## DATA FOR THIS EXERCISE:
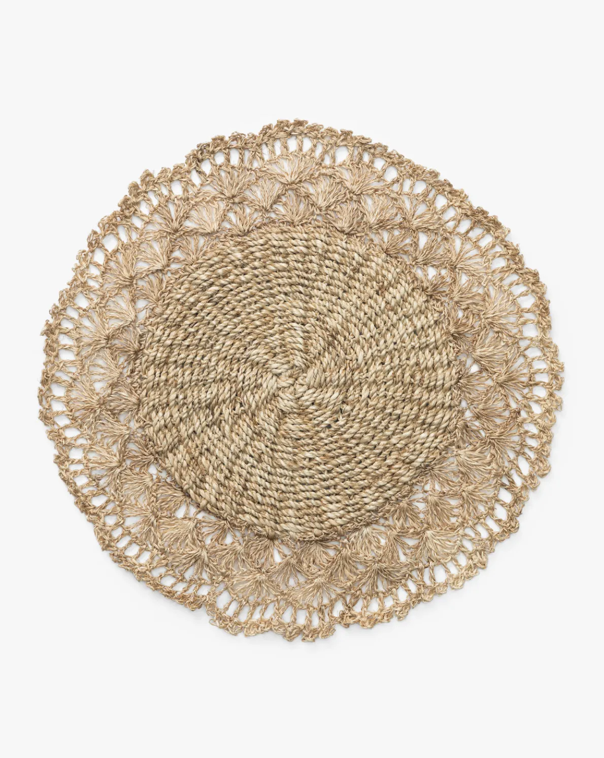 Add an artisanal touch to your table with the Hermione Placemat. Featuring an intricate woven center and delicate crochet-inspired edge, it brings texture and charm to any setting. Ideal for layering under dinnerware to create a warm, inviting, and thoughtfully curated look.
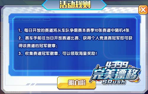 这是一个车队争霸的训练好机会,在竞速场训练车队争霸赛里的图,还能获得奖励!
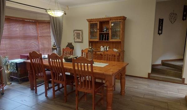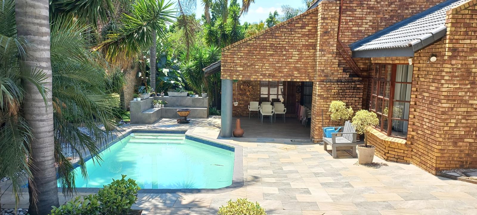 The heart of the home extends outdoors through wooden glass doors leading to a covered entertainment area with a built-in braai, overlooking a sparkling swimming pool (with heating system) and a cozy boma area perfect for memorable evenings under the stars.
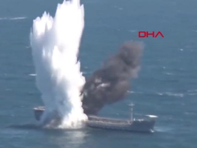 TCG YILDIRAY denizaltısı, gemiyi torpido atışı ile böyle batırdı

...

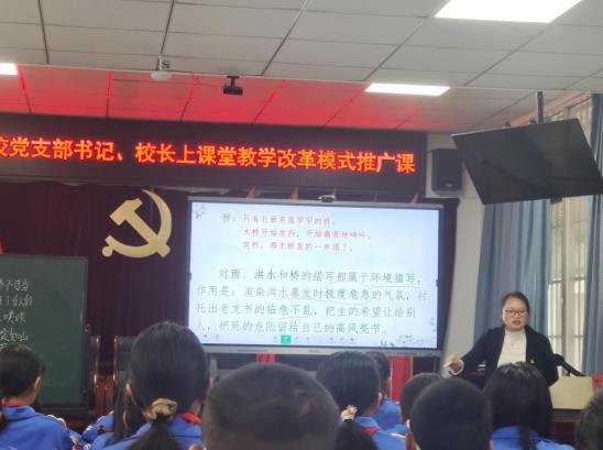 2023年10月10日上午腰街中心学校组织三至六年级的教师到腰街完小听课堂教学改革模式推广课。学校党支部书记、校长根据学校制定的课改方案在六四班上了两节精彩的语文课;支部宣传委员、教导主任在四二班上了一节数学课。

## REQUIRED ACTION:
Everything above from the line with "Add an artisanal" through the line with "TCG YILDIRAY denizaltısı, gemiyi" should be retyped exactly, and nothing else; omit pictures.

## SOLUTION:
 Add an artisanal touch to your table with the Hermione Placemat. Featuring an intricate woven center and delicate crochet-inspired edge, it brings texture and charm to any setting. Ideal for layering under dinnerware to create a warm, inviting, and thoughtfully curated look.
 这是一个车队争霸的训练好机会,在竞速场训练车队争霸赛里的图,还能获得奖励!
 The heart of the home extends outdoors through wooden glass doors leading to a covered entertainment area with a built-in braai, overlooking a sparkling swimming pool (with heating system) and a cozy boma area perfect for memorable evenings under the stars.
 TCG YILDIRAY denizaltısı, gemiyi torpido atışı ile böyle batırdı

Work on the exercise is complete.